Fazit: Ein Gewinn für den Staat, die Spieler und die legalen Anbieter

Alles in allem spricht viel für eine zügige Reform der virtuellen Automatensteuer. Die Umstellung auf den Bruttospielertrag wäre eine klassische Win-Win-Win-Situation: Die Bundesländer erhalten deutlich mehr Geld für öffentliche Investitionen. Die Spieler profitieren von attraktiven Angeboten bei maximaler Sicherheit und optimalem Spielerschutz. Und lizenzierte Anbieter können wieder wettbewerbsfähig und profitabel arbeiten, in ihre Qualität investieren und den Schwarzmarkt effektiv zurückdrängen. Der illegale Markt würde seinen entscheidenden Wettbewerbsvorteil verlieren und damit weitgehend ausgetrocknet werden.Alles das spricht für eine zügig umzusetzende Reform der virtuellen Automatensteuer. Eine Umstellung der Steuerbemessungsgrundlage auf den Bruttospielertrag wäre eine klassische Win-Win-Win-Situation: Die Länder erhalten erheblich mehr Steuergelder für öffentliche Investitionen. Die Spieler genießen ein attraktives legales Angebot, höchste Sicherheit und optimalen Spielerschutz. Und die lizenzierten Anbieter können konkurrenzfähig und profitabel arbeiten, weiter in ihre Qualität investieren und den Schwarzmarkt zurückdrängen. Der illegale Markt würde weitgehend ausgetrocknet, weil er seinen Wettbewerbsvorteil verliert.
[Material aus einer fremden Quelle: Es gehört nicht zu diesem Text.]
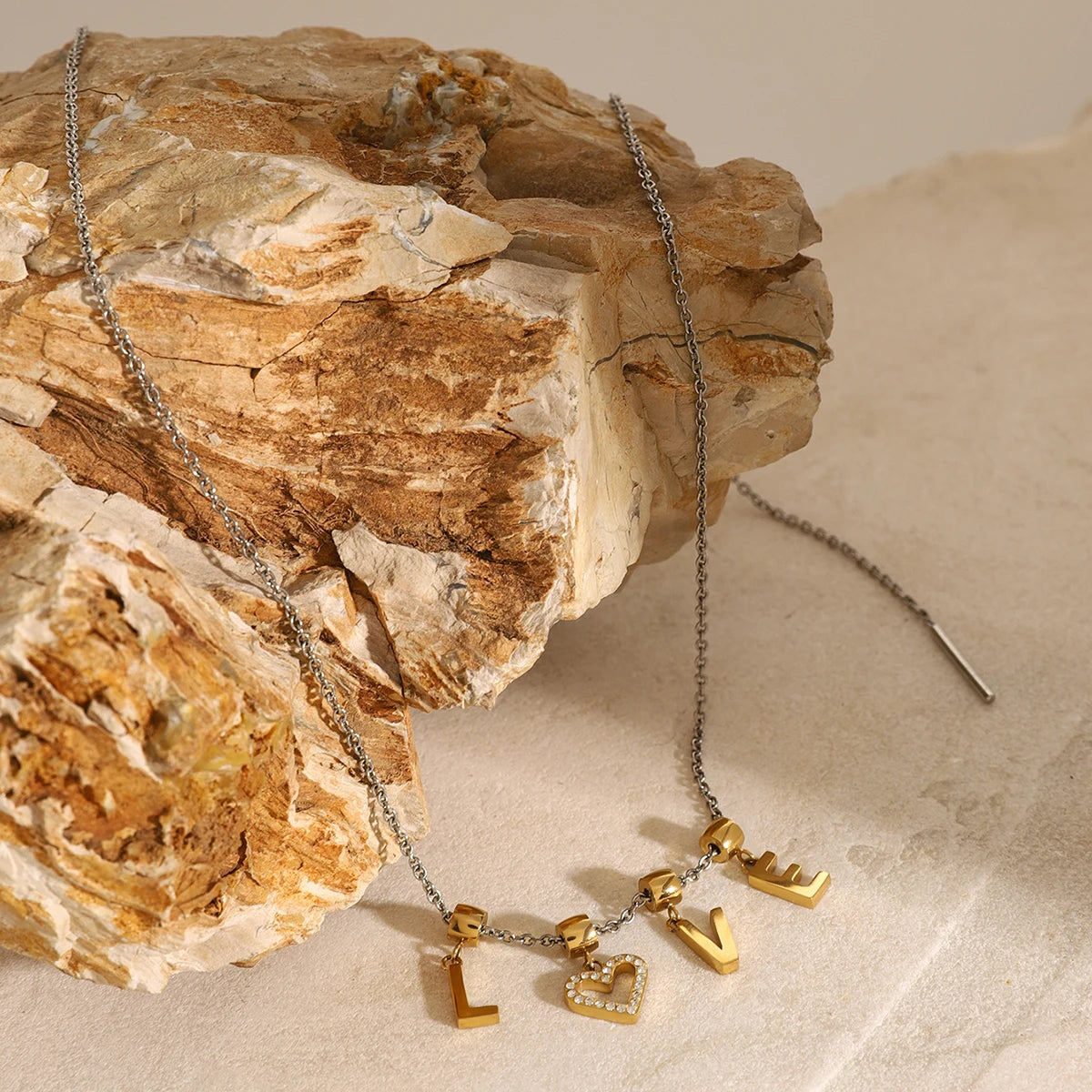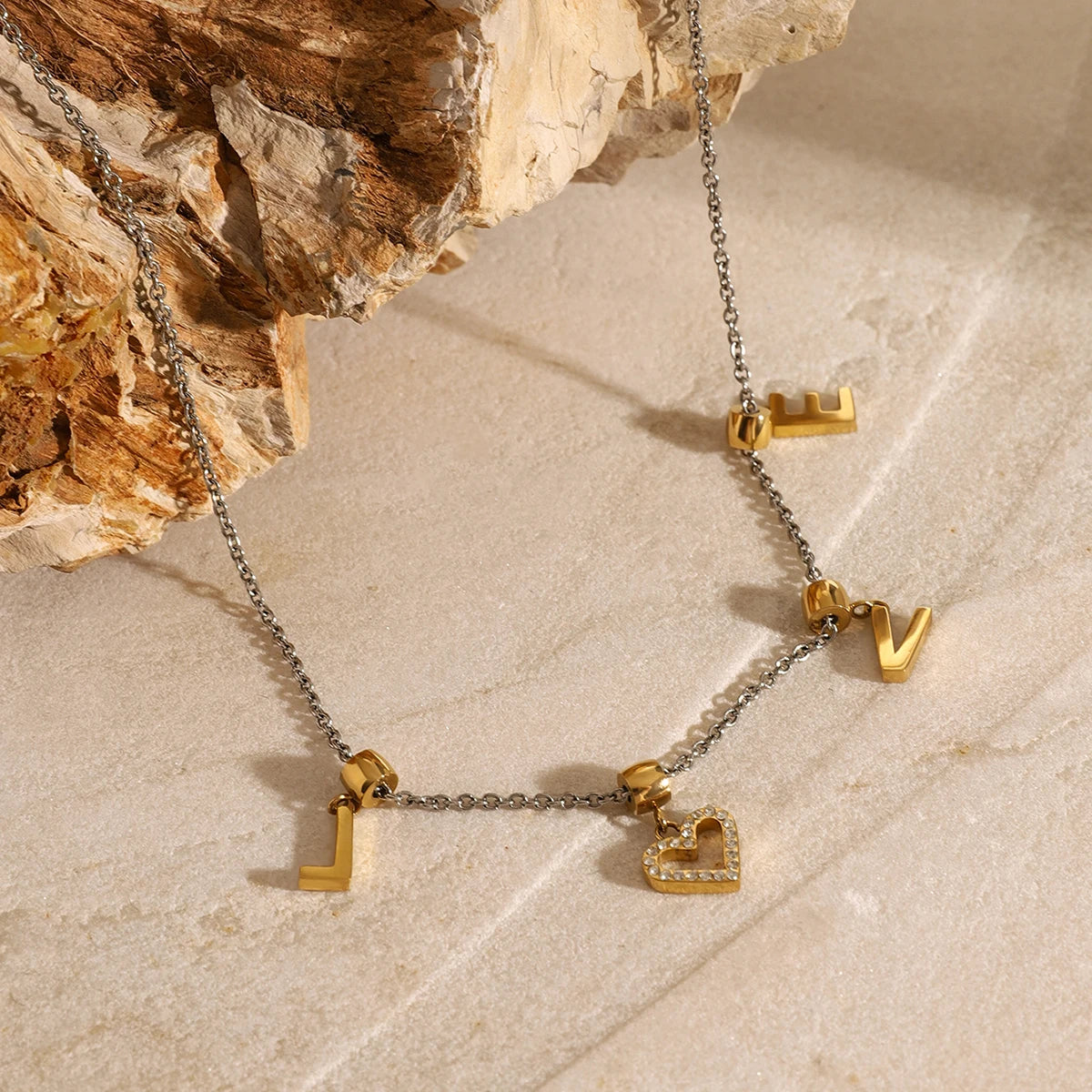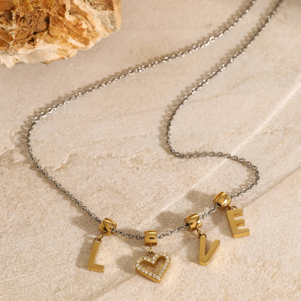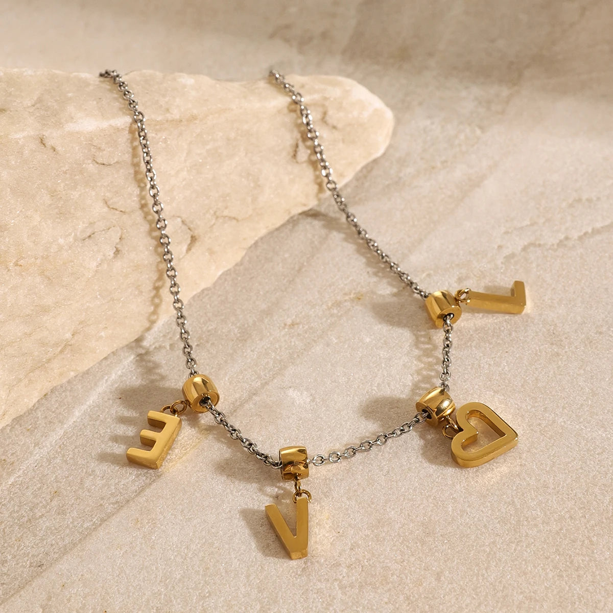 ステンレス304 低ニッケル 水に濡れても錆びにくい 18Kゴールドメッキ ネックレス LOVE 【YJ03838】
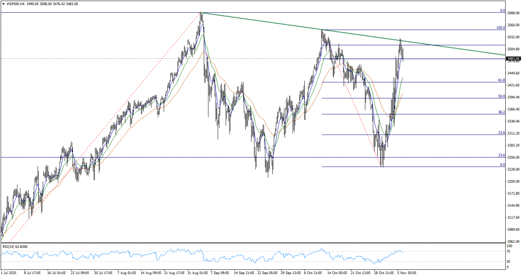 ABD seçimlerinde Biden’ın başkanlığı kazanacağı ve senatonun Cumhuriyetçilerin kontrolünde kalmaya devam edeceği beklentilerinin kuvvetli olması endekslere güçlü alımlar getirmişti. Özellikle Biden’ın Georgia’da Trump’ın önüne geçmesi oldukça önemli bir haber. Bu sayede S&P500 endeksinin önemli gördüğümüz 3525 alçalan trend direncine ulaştığını takip ettik. Yalnız bu seviyenin üzerinde kalıcılığın sağlanamaması sonucu bir miktar satış baskısının oluştuğunu görüyoruz. Bu sayede fiyatların 3482 desteğine ulaştığını görüyoruz. Endekste geri çekilmenin devam etmesi noktasında ilk etapta 3482 desteğinin kırılması gerektiğini düşünüyoruz. Bu seviyenin aşağı yönde geçilmesi durumunda satış baskısının ivme kazanma olasılığı kuvvetlenecektir. Böylelikle 3450 ara destek seviyesi ile birlikte 3428 desteğine kadar geri çekilme hız kazanabilir.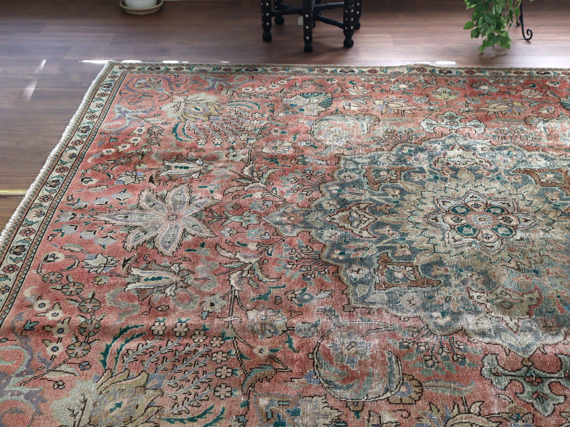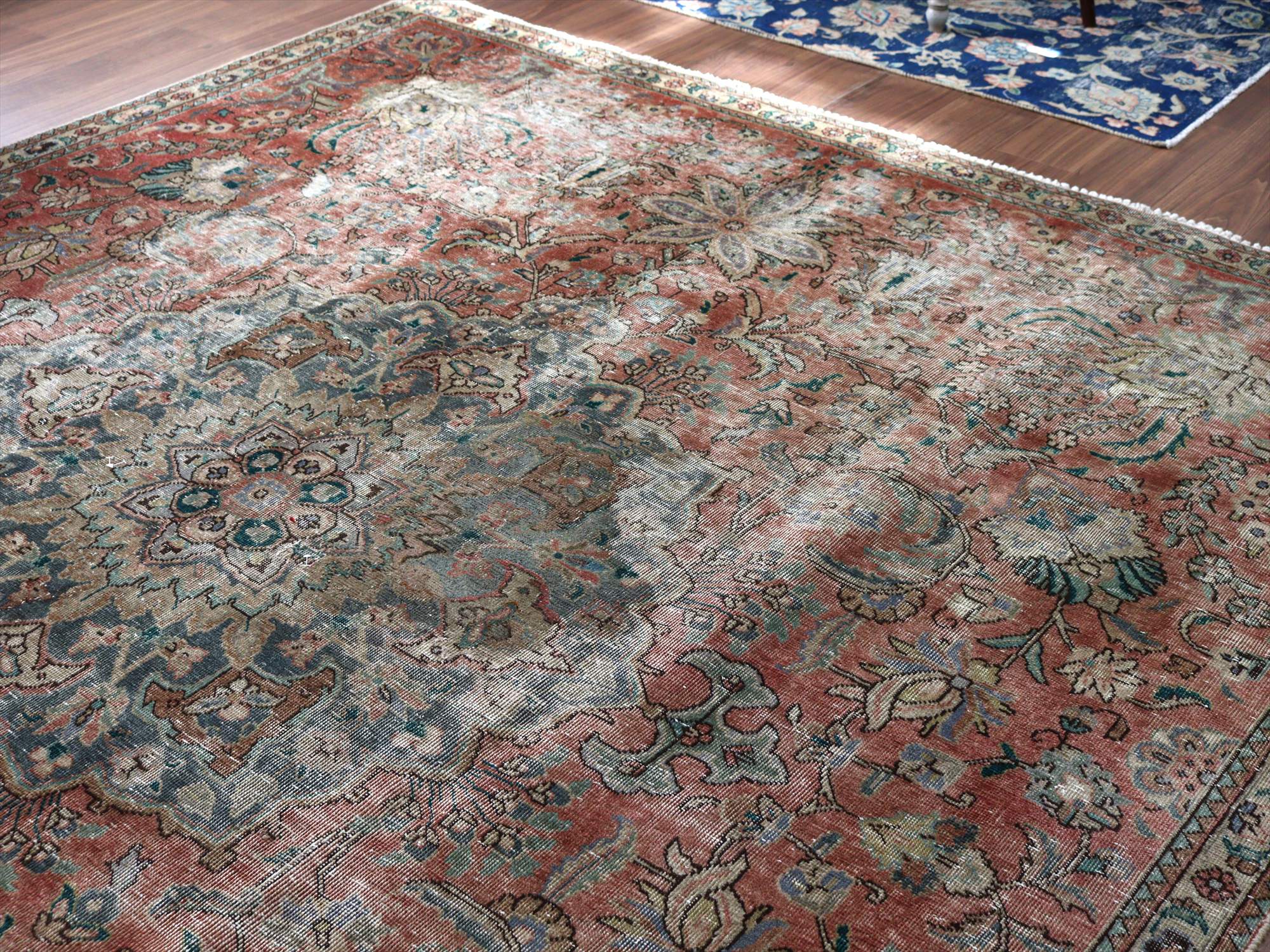 - オーバーダイド ヴィンテージラグ レッド273×228cm タブリーズ イランの手織り絨毯

Wenn es heißt „Wir wollen mehr Steuern zahlen“, ist das keineswegs sarkastisch gemeint. Im Gegenteil: Es ist eine klare Forderung. Die Betreiber von Online-Slots sind bereit, einen höheren Steuerbetrag zu entrichten, sofern die Besteuerung des Bruttospielertrags fair und gerecht gestaltet wird. Nun ist die Politik gefordert, endlich die notwendigen Weichen zu stellen.„Wir wollen mehr Steuern zahlen“ steckt also keine Ironie, sondern ein konkreter Appell: Durch eine faire Besteuerung des Bruttospielertrags wollen und werden die Anbieter von Online-Automatenspielen tatsächlich am Ende mehr Steuern zahlen! Jetzt liegt es an der Politik, den Hebel umzulegen.